② 企業統治の体制の概要及び当該体制を採用する理由
(a) 企業統治の体制の概要
当社の企業統治体制の模式図は以下のとおりであります。

1)取締役会
取締役会は業務執行取締役2名(石野孝司氏、小林大介氏)及び非執行取締役3名(山田敏章氏、安立邦広氏、山本裕之氏)の5名で構成され、そのうち山田敏章氏及び山本裕之氏の両名は社外取締役です。取締役会の議長は取締役社長の石野孝司氏が務めております。

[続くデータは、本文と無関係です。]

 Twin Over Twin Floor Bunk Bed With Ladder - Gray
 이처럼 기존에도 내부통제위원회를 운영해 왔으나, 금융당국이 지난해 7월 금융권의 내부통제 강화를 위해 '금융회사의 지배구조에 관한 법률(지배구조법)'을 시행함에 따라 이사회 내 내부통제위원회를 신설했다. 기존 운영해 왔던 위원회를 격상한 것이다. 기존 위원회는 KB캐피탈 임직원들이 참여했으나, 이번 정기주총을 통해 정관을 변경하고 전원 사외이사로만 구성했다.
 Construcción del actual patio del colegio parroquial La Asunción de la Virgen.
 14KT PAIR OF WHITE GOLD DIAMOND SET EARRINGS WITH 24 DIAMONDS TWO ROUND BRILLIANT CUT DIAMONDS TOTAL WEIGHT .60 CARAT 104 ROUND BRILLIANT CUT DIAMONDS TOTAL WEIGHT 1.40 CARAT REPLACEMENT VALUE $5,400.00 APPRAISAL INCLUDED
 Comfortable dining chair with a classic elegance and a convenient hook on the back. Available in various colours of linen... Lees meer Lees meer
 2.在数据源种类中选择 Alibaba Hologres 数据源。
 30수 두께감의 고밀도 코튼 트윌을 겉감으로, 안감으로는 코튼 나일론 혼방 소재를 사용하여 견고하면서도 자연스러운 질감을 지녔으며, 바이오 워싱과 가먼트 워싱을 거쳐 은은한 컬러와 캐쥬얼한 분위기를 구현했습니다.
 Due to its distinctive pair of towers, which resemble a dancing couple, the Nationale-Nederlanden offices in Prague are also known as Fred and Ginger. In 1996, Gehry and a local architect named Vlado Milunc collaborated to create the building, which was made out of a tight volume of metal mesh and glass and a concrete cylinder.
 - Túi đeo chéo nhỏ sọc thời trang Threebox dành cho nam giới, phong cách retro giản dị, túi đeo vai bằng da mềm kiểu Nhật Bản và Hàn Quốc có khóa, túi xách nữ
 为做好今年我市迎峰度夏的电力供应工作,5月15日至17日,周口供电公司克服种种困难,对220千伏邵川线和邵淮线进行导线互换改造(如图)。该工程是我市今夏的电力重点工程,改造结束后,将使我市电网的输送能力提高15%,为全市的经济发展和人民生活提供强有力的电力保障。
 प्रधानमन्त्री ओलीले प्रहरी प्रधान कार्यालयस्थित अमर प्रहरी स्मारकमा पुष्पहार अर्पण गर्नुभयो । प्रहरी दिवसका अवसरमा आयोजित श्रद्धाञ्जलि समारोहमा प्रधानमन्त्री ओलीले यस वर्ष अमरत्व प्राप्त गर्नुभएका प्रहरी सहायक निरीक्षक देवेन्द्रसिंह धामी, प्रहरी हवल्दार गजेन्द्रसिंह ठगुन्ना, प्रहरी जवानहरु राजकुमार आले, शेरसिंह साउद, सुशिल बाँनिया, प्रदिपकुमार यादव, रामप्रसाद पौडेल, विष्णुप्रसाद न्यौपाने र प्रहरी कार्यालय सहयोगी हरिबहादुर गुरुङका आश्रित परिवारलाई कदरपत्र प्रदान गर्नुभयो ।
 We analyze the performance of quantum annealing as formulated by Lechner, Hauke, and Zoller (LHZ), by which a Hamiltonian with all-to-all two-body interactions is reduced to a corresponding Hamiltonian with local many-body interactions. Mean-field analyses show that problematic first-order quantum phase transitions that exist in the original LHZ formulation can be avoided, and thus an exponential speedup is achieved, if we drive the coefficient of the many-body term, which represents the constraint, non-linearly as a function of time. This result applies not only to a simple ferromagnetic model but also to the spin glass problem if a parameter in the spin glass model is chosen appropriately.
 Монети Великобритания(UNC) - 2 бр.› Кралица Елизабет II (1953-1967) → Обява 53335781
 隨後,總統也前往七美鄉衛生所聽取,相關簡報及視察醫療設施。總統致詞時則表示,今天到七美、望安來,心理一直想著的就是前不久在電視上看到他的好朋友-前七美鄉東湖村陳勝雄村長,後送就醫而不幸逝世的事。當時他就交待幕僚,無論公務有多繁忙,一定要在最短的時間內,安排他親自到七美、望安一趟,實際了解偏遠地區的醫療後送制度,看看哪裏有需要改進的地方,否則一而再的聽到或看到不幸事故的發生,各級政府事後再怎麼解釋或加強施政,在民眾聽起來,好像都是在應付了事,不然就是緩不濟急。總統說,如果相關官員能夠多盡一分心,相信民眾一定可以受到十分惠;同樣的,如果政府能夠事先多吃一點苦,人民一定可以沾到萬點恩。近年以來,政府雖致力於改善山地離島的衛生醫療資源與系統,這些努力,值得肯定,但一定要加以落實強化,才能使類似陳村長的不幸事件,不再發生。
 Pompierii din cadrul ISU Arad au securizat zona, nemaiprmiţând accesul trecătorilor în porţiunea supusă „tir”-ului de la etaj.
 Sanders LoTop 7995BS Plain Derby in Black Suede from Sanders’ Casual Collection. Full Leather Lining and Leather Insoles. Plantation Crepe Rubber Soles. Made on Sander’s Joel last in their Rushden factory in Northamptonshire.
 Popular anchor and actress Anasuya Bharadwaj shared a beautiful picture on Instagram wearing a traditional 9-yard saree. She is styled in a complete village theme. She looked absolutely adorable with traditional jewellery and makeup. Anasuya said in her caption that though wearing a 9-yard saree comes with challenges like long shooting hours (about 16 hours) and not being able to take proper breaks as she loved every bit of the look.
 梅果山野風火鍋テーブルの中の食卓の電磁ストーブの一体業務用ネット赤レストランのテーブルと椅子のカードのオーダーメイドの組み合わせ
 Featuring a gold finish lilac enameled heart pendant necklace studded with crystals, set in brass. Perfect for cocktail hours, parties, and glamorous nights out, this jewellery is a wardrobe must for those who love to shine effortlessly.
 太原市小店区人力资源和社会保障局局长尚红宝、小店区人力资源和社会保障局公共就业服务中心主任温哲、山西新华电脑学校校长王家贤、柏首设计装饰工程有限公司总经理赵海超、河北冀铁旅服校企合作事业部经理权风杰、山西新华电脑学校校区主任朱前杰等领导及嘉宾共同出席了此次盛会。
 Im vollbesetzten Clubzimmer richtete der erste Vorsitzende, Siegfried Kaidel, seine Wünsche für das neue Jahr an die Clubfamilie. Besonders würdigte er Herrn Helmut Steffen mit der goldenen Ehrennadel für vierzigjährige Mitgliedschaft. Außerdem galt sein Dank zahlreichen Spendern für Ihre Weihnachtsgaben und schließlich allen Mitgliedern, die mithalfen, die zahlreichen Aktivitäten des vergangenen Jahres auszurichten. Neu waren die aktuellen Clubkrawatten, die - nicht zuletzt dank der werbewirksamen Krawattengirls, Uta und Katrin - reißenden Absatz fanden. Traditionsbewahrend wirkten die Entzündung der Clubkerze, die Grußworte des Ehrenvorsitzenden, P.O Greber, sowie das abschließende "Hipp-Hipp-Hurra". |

取締役会においては経営戦略の決定をはじめ、対応すべき経営課題や重要事項の決定について充分に議論、検討をおこなった上で迅速かつ的確な経営判断を行うほか、監査役が出席して意見を述べるなど、取締役の業務執行の妥当性、効率性を検証するなどの経営監視を行っております。
また当社の取締役の任期は定款で1年と定めており、経営責任を明確に示せる体制となっております。
2)監査役会
当社は監査役会設置会社制度を採用しております。監査役会は、監査役1名(佐滝実氏)、社外監査役2名(小林茂氏、井尾仁志氏)で構成され、うち佐滝実氏が常勤監査役です。各監査役は、監査役会が定めた監査の方針・業務の分担等に従い、取締役会への出席、業務や財産の状況の調査等を通じ、取締役の職務遂行の監査を行っております。
社外監査役については、専門的知識、経験を当社の監査に反映していただくことを目的として選任しており、その機能・役割は十分に果たされていると考えております。なお、井尾仁志氏は公認会計士の資格を有しており、財務及び会計に関する相当程度の知見を有しております。
3)指名・報酬諮問委員会
当社は、取締役の指名・報酬等に関する手続きの公平性・透明性・客観性を確保し、コーポレート・ガバナンスの充実を図るため、取締役会の諮問機関として社外役員が過半数となる指名・報酬諮問委員会を設置しております。委員長として社外取締役山田敏章氏、委員として社外取締役山本裕之氏、取締役社長石野孝司氏の各氏が構成員です。
4)業務連絡会議
常勤役員に加え、各部署長・課長クラスも出席する業務連絡会議を毎週実施しております。当会議においては各部署長が日常の業務執行の状況を報告するとともに、重要情報の共有化を図っております。
5)経営会議及び予算委員会
経営会議は、常勤役員及び各部署長が出席して月3回開催され、業務執行上の必要事項について話し合い、判断を行っております。予算委員会は、売上・経費等の各予算に対する前月迄の実績の検証等に基づいて、当月以降の改善策等を検討し、各部署・店舗への方針示達を行っており、月1回開催しております。
(b) 当該体制を採用する理由
コーポレート・ガバナンスにおいて、外部からの客観的かつ中立の経営監視機能が重要であると考え、社外取締役による監督及び、社外監査役による監査が実施されることにより、外部からの経営監視機能は十分に機能する体制が整っていると認識しており、当該体制を採用しております。
③ 企業統治に関するその他の事項
(a) 内部統制システムの整備の状況
当社は次のとおり内部統制システム構築の基本方針を制定するとともに、これに則った業務の適正を確保するための体制整備を行っております。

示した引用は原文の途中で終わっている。